In Q2 2019, the PropertyGuru Property Index – which tracks supply-side pricing and volume of non-landed private residential properties in Singapore – saw over 35 percent rise in the supply index, while concurrently registering a 13.43 percent dip in the pricing index from the previous quarter.
Sales of new mass-market projects rose by 8% in Q2 2019, and this was led by two mega-projects, namely the 2,203-unit Treasure at Tampines and the 1,140-unit The Florence Residences, according to URA data. By definition, mega-projects refer to developments with over 1,000 residential units.
Launched in late March, Treasure at Tampines occupies the site of the former Tampines Court HUDC estate and is said to be the largest condo development in Singapore. Units at the development sold at an average price of $1,280 per square foot (psf) durings its launch. It is also one of the most affordable new projects in 2019, and is one of a handful of new projects that are selling below the $1,300 psf threshold.
Meanwhile, units at The Florence Residences transacted at an average of $1,450 psf during its launch in early March. Located at Hougang Avenue 2, the condo is a redevelopment of the former Florence Regency privatised HUDC estate.
Given the large volume and the relatively affordable prices of units at these mega-projects, we believe that their entry into the market from the end of the previous quarter could have impacted our overall PMI in Q2 2019.
For instance, we believe that the influx of new listings from these mega-projects could have resulted in a spike in our supply index – which captures the volume of listings on PropertyGuru, while concurrently leading a decline in our pricing index – which captures the asking prices of property listings on PropertyGuru.
The 2,203-unit Treasure at Tampines is said to be the largest Singapore condo ever.
In the Q2 2019 PropertyGuru Property Index, we saw the number of listings rise by 35.29 percent from the previous quarter. This is in contrast to the 13.35 percent dip in supply in Q1 2019, during which developers were observed to be holding back on new launches.

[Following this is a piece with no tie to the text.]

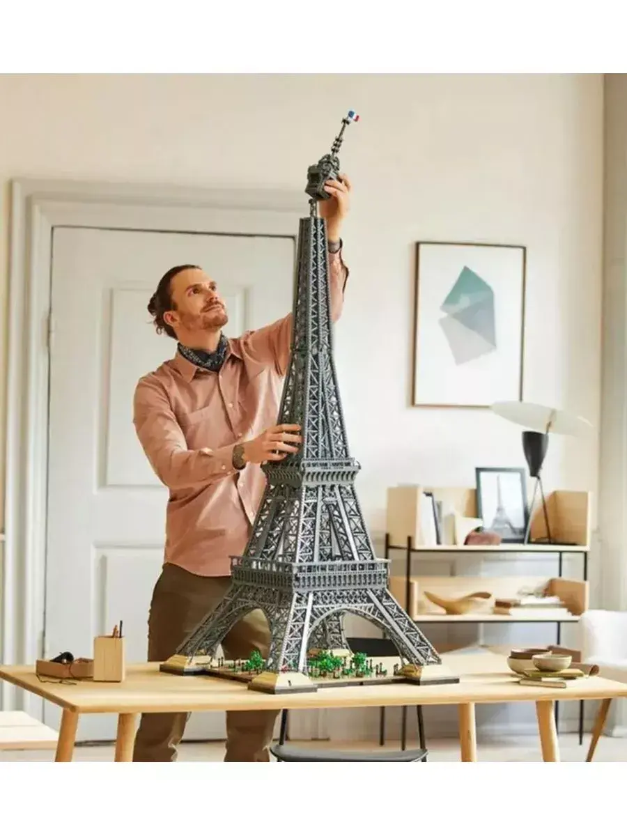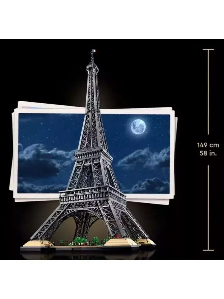 Это не только один из самых высоких наборов, но и один из самых больших по количеству элементов — 10 001 деталь для захватывающего опыта от начала до конца. Этот набор также лучшая идея подарка любителям путешествий или истории. Невероятная сборка — приготовьтесь побить рекорды с этой моделью Эйфелевой башни. 149 см в высоту и 10 001 деталь! Это предмет коллекционирования, которым можно дорожить вечно. Воссоздайте историю — вы соберете эту модель Эйфелевой башни из 4 частей, что напоминает конструкцию оригинального памятника, и изучите новые методы строительства. Точная геометрия — эта модель с обзором на 360° точно повторяет декор реальной Эйфелевой башни с арками, опорами, поперечными распорками, перилами и даже достоверным видом, если смотреть снизу вверх. Подготовьте сцену — не спешите, создайте Эспланаду, где детали уровня земли включают парижские фонарные столбы, скамейки, деревья и кустарники. Поднимитесь на башню — заберитесь ввысь, собрав 4 постамента, 3 смотровые площадки, лифты с кабелями, личный кабинет Гюстава Эйфеля наверху и телебашню. Отдельные детали для транспортировки — эта модель Эйфелевой башни делится на 4 части и оснащена ручками для переноски, чтобы вы могли перемещать и демонстрировать свое достояние. Размеры — модель Эйфелева башня имеет размеры более 149 см в высоту, 57 см в ширину и 57 см в глубину, что делает ее одной из самых больших моделей.

Conversely, we saw a 13.43 percent dip in the pricing index in Q2 2019, compared to the previous quarter. This stands in contrast against the latest URA flash property price index (PPI) figures, which saw private home prices rise unexpectedly following two consecutive quarters of decline.
As mentioned, we attribute this contrast to the unprecedented number of new listings from these mega-projects, and the decline in our pricing index is unlikely to be any indication of how private home prices will behave moving forward.
Where Is The Market Headed Next?
While a contrast was observed between the PropertyGuru and URA indices, we did note some consistency when we zoom into specific market segments.
For instance, both indices registered an overall uptrend for home prices in the Rest of Central Region (RCR) or the city fringes. Based on URA data, RCR homes saw one of the highest quarterly growth rates at over 3 percent in Q2 2019.
We cross-checked against the PropertyGuru Pricing Index measured by region-by-region basis. While we saw varied results in districts that lie within the RCR boundaries, we noted an overall increase in prices within the market segment.
Meanwhile, our index registered a slight quarterly decrease of minus 0.5 percent for home prices in the Core Central Region (CCR) or the prime districts in Q2 2019. But when viewed from a year-on-year basis, the figures indicated a 5.52 percent growth.
In comparison, URA data showed a slight uptick in CCR home prices by 1.5 percent from the previous quarter. The uptick is likely supported by high-end transactions of new projects within the prime districts, which included the sale of 34 units at Boulevard 88 at a median price of $3,692 psf; 27 units at 3 Cuscaden Road (median price of $3,601 psf); and 17 units at South Beach Residences (median prices of $3,348 psf) in Q2.
Moving forward, we do not expect to see any sharp increase in home prices in the near term, particularly for projects that are moving slowly. Given the downward revision in global economic forecasts and rising unsold inventory to come from more launches, we also expect developers to remain prudent in their pricing strategy in the near term.